第27章 分崩离析

    火神殿下那等令人景仰的人物,怎么会有你这样卑鄙阴险的兄长?

    *

    阴险小人。

    这是鎏英对润玉的评价。

    天魔大战了千余年,自来都是火神旭凤统领天兵,而自这个夜神大殿不过是代掌了四十余年的兵权,就闹出了不小的动静。先是三年连胜,然后又是雷谷惨败,然后又弄出一个什么极度防守的铁桶乌龟阵来,真真是把各位城主还有魔尊大人给弄的焦头烂额。

    说实话,鎏英原本还挺佩服这个夜神大殿的,听闻他从未带兵打过仗,但是一出手却是让众魔军吃了好大的苦头和教训。即便是她也是第一次见到有人竟然可以将那些骑兵险招用的如此出神入化。她第一次带兵就碰上了这么个主,屡败屡战,屡战屡败,特别是每次碰见那个叫雷由的天将,为了赢什么都做的出来,简直是各种无耻没下限,打得她简直是气急败坏怀疑人生。

    是以,即便是事后知道了那三年魔军的惨败有一部分是擎城王故意诱敌,但是鎏英私下里还是肯定了这个夜神大殿的。

    因此白折事变传出来之后,鎏英知晓了旭凤所为,当真是替夜神打抱不平。

    身为五军主帅,竟然被前任主帅和直系下属在自己的眼皮子底下密谋了十年,最后还在胜归之日被临阵夺权,简直是奇耻大辱。

    听闻夜神体恤下士,每日巡防军营,很是得人心。就连她这一介魔将都是如此想的,可知天军中的众多热血之士如何能咽的下这口气。是以这五百年来,天军越打越疲不说,还内讧的厉害。时不时就流出哪兵哪部哪将又带着手下的几百或几千士兵卸甲离营,重归园田。

    更有甚者扬言道,夜神一日不归天界,我等一日不上战场。

    如此影响甚广,天军败多胜少,天界高座上的那位亦是怒不可遏,满世界的派着精兵天卫要把这个违逆的大殿下给押回去。结果能派的人打不过押不动,有一战之力的要不就是不合适,要么就是早早的闭关不接这个烂摊子。

    这般鸡飞狗跳了百年之后,天帝气急发话,既然他不肯回来那便永远别回来了,天界至此再无夜神!

    如此气急之言可算是伤了夜神的心,也伤了那些追随夜神的将士了。

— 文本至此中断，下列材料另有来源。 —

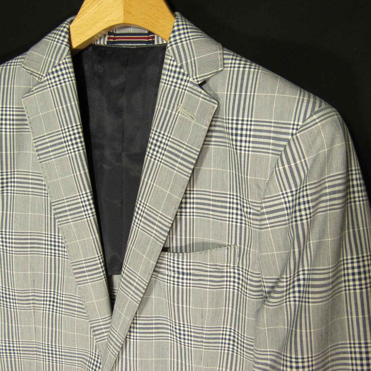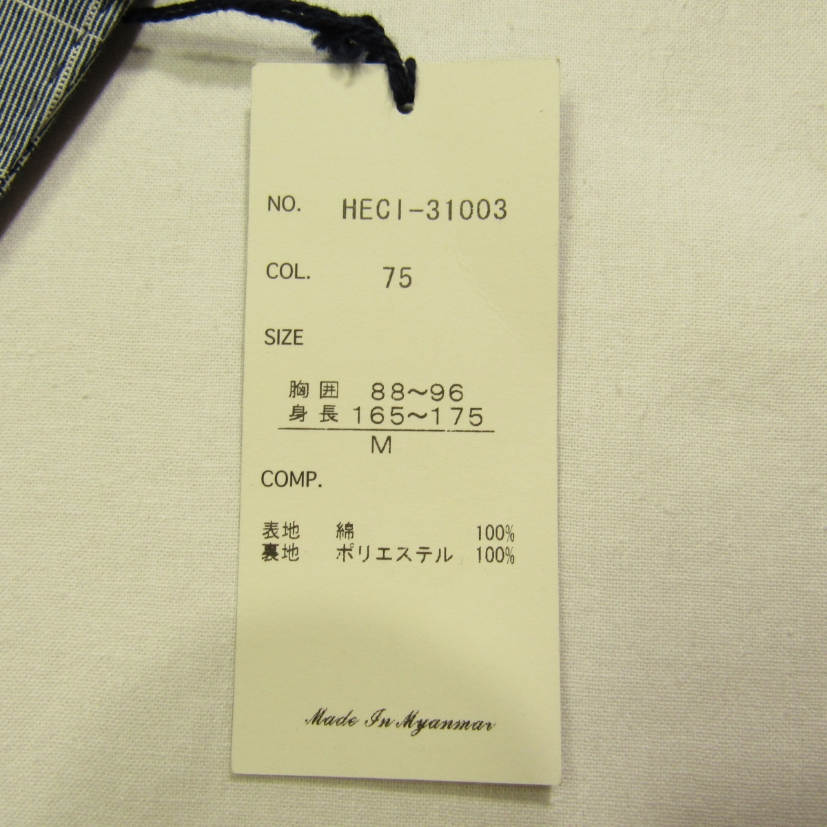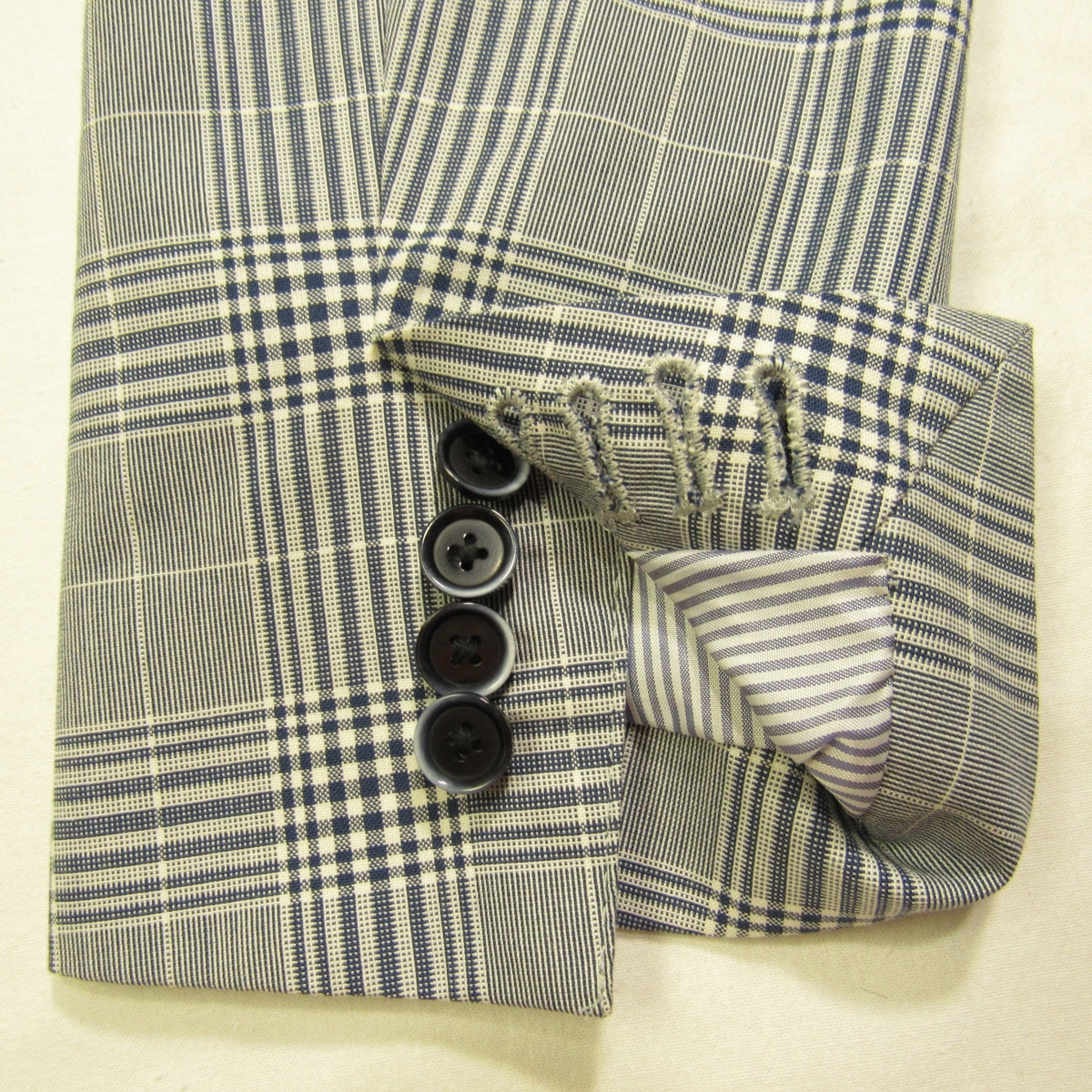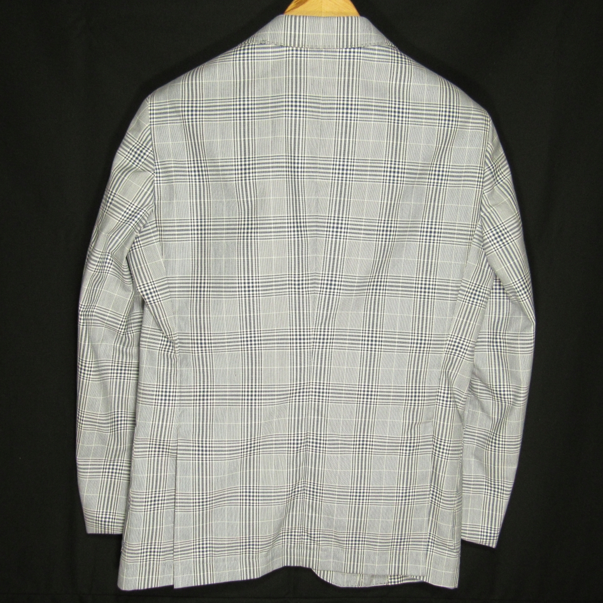 Mサイズ表記ですが、小さめのつくりだと思いますのでSサイズ程度として出品させていただきました。 記載の実寸サイズをご参考にしてください。 老舗紳士服店「タカキュー」のオリジナルブランド「MALE & Co.」 生地はイタリアの高級服地の生地ブランド「ANGELICO」社製の生地を使用しております。 サラリとした薄手コットン素材の春夏向けの素材です。 裏地は背抜きで、肩にはパッドを入れずに芯地のみを使用した軽快な仕立てとなっております。 胸ポケットの中の生地を出してチーフのようにしてもよいかもしれません。 メンズ・コットン・チェック・テーラードジャケット/春夏 型番:HECI-31003 シングル2つボタン/サイドベンツ/裏地-背抜き/大見返し/肩にはパッドを入れずに芯地のみを使用/腰パッチポケット/袖口本切羽4つキスボタン |

二话没说纷纷离开仙界,往花界去的,往人界去的,还有一些赌气往魔界去的。

    太微自毁城墙,魔尊自然大喜,特下令谕若有天族勇士无处可去无家可归,魔界开城以待,既往不咎。

    如此两百年下来,魔界幅员辽阔,各城之中都能窥见天族之人的身影。他们曾是天族的勇士,如今却为了心中的信仰和正义堵着一口气盘恒在敌军的地界内,迎接着周围满是敌意的冷漠,无亲无友,当真是令人敬佩又令人酸楚。

    是以鎏英在战场上初露锋芒率领手下魔军打了胜仗之时,她偶尔也会想起那个乍如流星划破却留下了极为绚烂一笔的夜神究竟是何许人物,才能引得如此多的天兵愿意为他卸甲离家。

    但是大多数时间,她却在用战场以外余下的时光在思念一个人,寻找一个人。

    暮辞。

    她从未想过这两个人会扯上什么关系。

    她亦是更没有想到,有朝一日夜神会出现在她面前,拿着暮辞的四魂七魄来要挟她。

    “我要两样东西。魔爪兰,还有固城王的手令。”

    凡人三魂七魄,仙魔七魂七魄,而暮辞仅有四魂六魄,很明显其中三魂已经消散了。

    鎏英一见之下柳眉倒竖,杀气迸发,魔骨鞭抖落着电光呼啸而来。

    润玉玄衣轻袍,眉眼间攒着如冰雪融就的高贵和从容,几个轻挥就将这条鞭子给冻成了一条冰棍。然后又出手极快的将暮辞的地灵之魂给散了。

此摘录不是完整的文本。